WHAT TO PRODUCE
Copy the entries below exactly; any picture among them should be left out.
----- THE INPUT
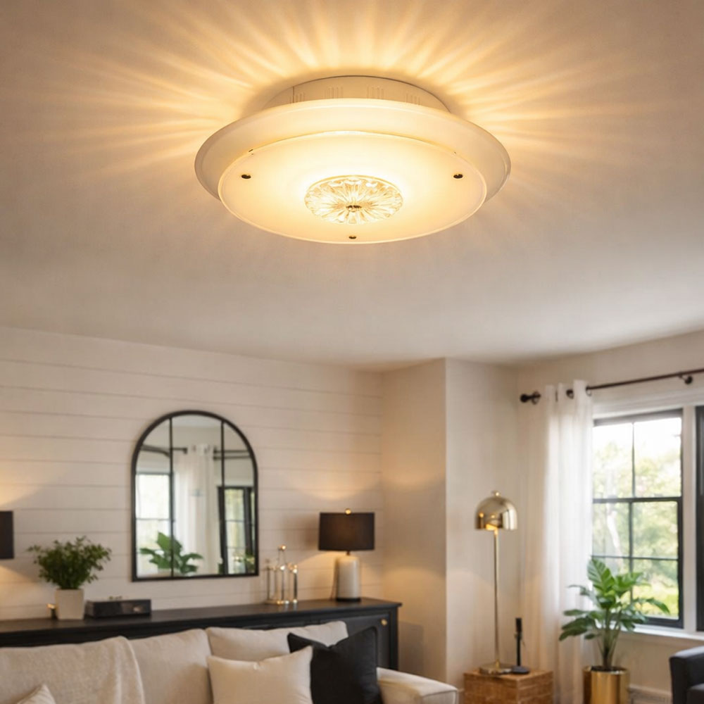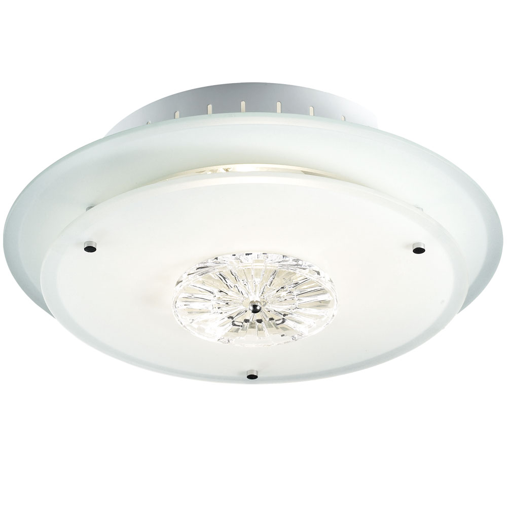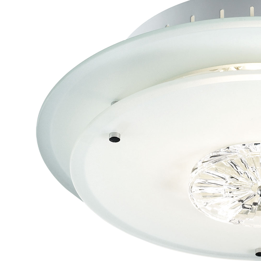 • Type de lumière : plafonnier • Matériau : métal, chrome, cristal/verre • Abat-jour : satiné, transparent • Classe de protection : IP20 • Diamètre x hauteur en cm : 33 x 8,5
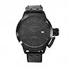 TW Steel Mens TW843 Canteen All Black Chronograph Watch: TW Steel: Watches. The supple black leather bracelet connects securely with a buckle. With a chic, sleek, all-black design, the TW Steel Men's Canteen All-Black Chronograph Watch is a beautifully unique take on an otherwise formal look. A black stainless steel case and fixed bezel hold the handsome mineral-window-protected black dial. Three hands on the dial point to baton markers and Arabic numerals for simple time-telling, along with a date display just below the four o'clock position. The face also features a tachymeter inner bezel and three subdials for more advanced calculations. An oversized crown and push buttons sit near the three o'clock, adding style and function. The watch keeps precise time thanks to quartz movement.
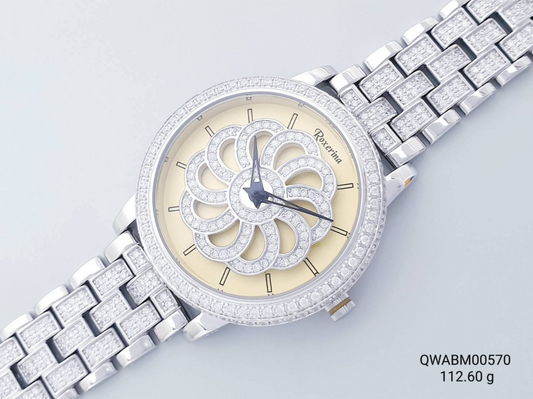 Pure Silver Automatic Men's Round Watch With Cubic Zirconia Unique Link Bracelet
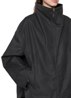 TOTEME 秉持北欧克制美学,以线条与质感塑造风格。此外套采用立领收束颈部线条,宽松版型消解束缚感,细节缝线利落干脆,尽显极简格调。
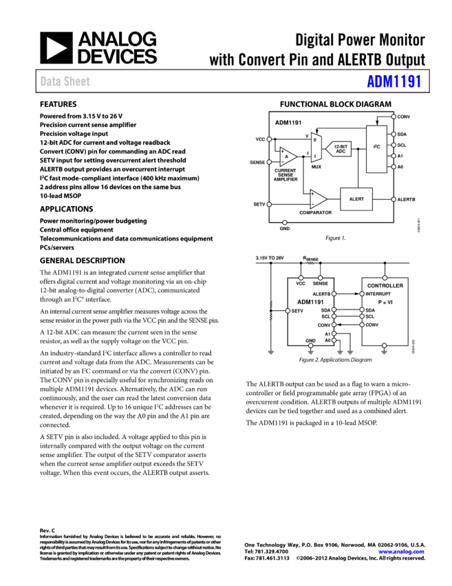 ADM1191: Digital Power Monitor with Convert Pin and ALERTB Output
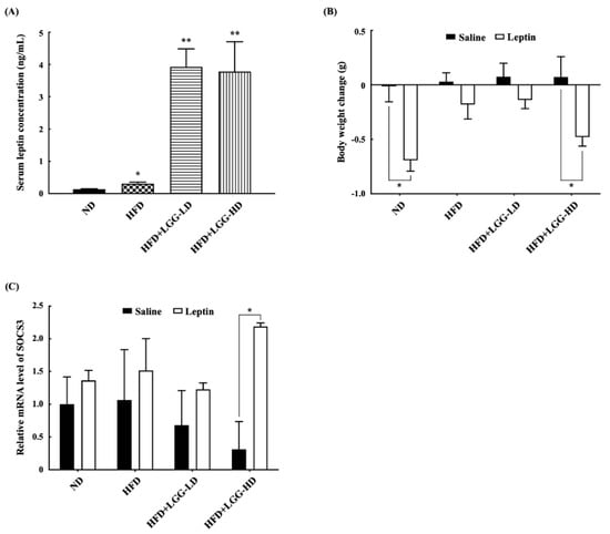 Effect of administration of Lactobacillus rhamnosus GG (LGG) on serum leptin concentrations and leptin responsiveness to exogenous leptin treatment of mice with diet-induced obesity. (A) Serum leptin concentrations. Bar marked with a star * or double stars ** means that it is significantly different from the ND group at p < 0.05 or p < 0.01, respectively. (B) Body weight change after treatment with exogenous leptin. Bar marked with a star * means that it is significantly different from the control (saline) at p < 0.05. (C) Relative hypothalamic mRNA expression level of SOCS3 gene. The data are expressed as relative fold change compared with the ND group given saline, which is set as 1. Bar marked with a star * means that it is significantly different from the control (saline) at p < 0.05. ND: normal diet; HFD: high-fat diet; HFD+LGG-LD: high-fat diet supplemented with low-dose LGG (108 CFU/mouse/day); HFD+LGG-HD: high-fat diet supplemented with high-dose LGG (1010 CFU/mouse/day). All data are expressed as mean ± SD (n = 5).
----------
ANSWER TO THE PROBLEM
 • Type de lumière : plafonnier • Matériau : métal, chrome, cristal/verre • Abat-jour : satiné, transparent • Classe de protection : IP20 • Diamètre x hauteur en cm : 33 x 8,5
 TW Steel Mens TW843 Canteen All Black Chronograph Watch: TW Steel: Watches. The supple black leather bracelet connects securely with a buckle. With a chic, sleek, all-black design, the TW Steel Men's Canteen All-Black Chronograph Watch is a beautifully unique take on an otherwise formal look. A black stainless steel case and fixed bezel hold the handsome mineral-window-protected black dial. Three hands on the dial point to baton markers and Arabic numerals for simple time-telling, along with a date display just below the four o'clock position. The face also features a tachymeter inner bezel and three subdials for more advanced calculations. An oversized crown and push buttons sit near the three o'clock, adding style and function. The watch keeps precise time thanks to quartz movement.
 Pure Silver Automatic Men's Round Watch With Cubic Zirconia Unique Link Bracelet
 TOTEME 秉持北欧克制美学,以线条与质感塑造风格。此外套采用立领收束颈部线条,宽松版型消解束缚感,细节缝线利落干脆,尽显极简格调。
 ADM1191: Digital Power Monitor with Convert Pin and ALERTB Output
 Effect of administration of Lactobacillus rhamnosus GG (LGG) on serum leptin concentrations and leptin responsiveness to exogenous leptin treatment of mice with diet-induced obesity. (A) Serum leptin concentrations. Bar marked with a star * or double stars ** means that it is significantly different from the ND group at p < 0.05 or p < 0.01, respectively. (B) Body weight change after treatment with exogenous leptin. Bar marked with a star * means that it is significantly different from the control (saline) at p < 0.05. (C) Relative hypothalamic mRNA expression level of SOCS3 gene. The data are expressed as relative fold change compared with the ND group given saline, which is set as 1. Bar marked with a star * means that it is significantly different from the control (saline) at p < 0.05. ND: normal diet; HFD: high-fat diet; HFD+LGG-LD: high-fat diet supplemented with low-dose LGG (108 CFU/mouse/day); HFD+LGG-HD: high-fat diet supplemented with high-dose LGG (1010 CFU/mouse/day). All data are expressed as mean ± SD (n = 5).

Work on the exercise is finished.